* **Supplied information**:
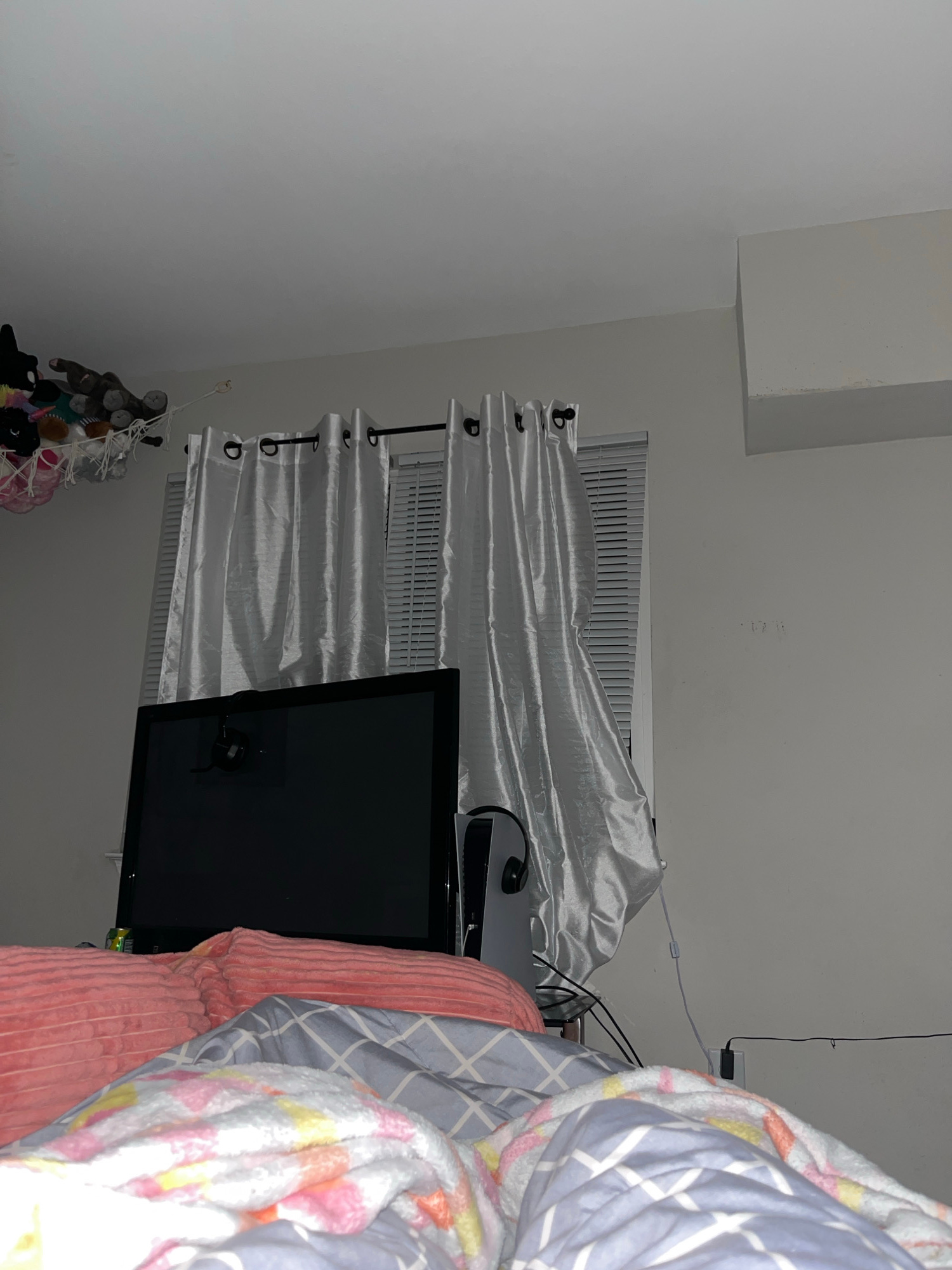 The image depicts an indoor scene, potentially a bedroom, with a window covered by what appears to be a silvery fabric, possibly curtains or a sheet. In front of the window is a mounted flat-screen te…read more
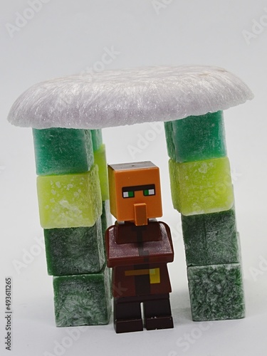 © zayacsk, Naklejka premium LEGO Minecraft figure of villager standing under the roof made of melted scented pink wax, supported by stearine wax cubes of various green colours.
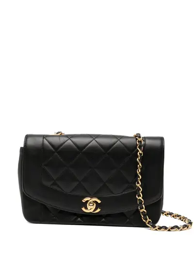 circa 1991 black front buckle fastening front flap closure chain-link shoulder strap gold-tone logo plaque main compartment Condition: GOOD. This previously owned and used item is in good condition with minimal signs of use. This may include fading of material or plating and scratches.
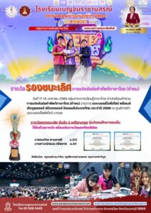 รางวัลรองชนะเลิศ การแข่งขันต่อคำศัพท์ภาษาไทย (คำคม) รายการเดอะมอลล์ไลฟ์สโตร์ พรีเซนต์ เอ็ดดูพลอยส์ สปีดเทรเชอร์ ชิงแชมป์ประเทศไทย ประจำปี 2569 26 มกราคม 2026Ketsarin Kirdsongจดหมายข่าวประชาสัมพันธ์

* **What to do**: Copy out all of the material exactly as written, without its pictures.

* **Exercise answer**:
 The image depicts an indoor scene, potentially a bedroom, with a window covered by what appears to be a silvery fabric, possibly curtains or a sheet. In front of the window is a mounted flat-screen te…read more
 © zayacsk, Naklejka premium LEGO Minecraft figure of villager standing under the roof made of melted scented pink wax, supported by stearine wax cubes of various green colours.
 circa 1991 black front buckle fastening front flap closure chain-link shoulder strap gold-tone logo plaque main compartment Condition: GOOD. This previously owned and used item is in good condition with minimal signs of use. This may include fading of material or plating and scratches.
 รางวัลรองชนะเลิศ การแข่งขันต่อคำศัพท์ภาษาไทย (คำคม) รายการเดอะมอลล์ไลฟ์สโตร์ พรีเซนต์ เอ็ดดูพลอยส์ สปีดเทรเชอร์ ชิงแชมป์ประเทศไทย ประจำปี 2569 26 มกราคม 2026Ketsarin Kirdsongจดหมายข่าวประชาสัมพันธ์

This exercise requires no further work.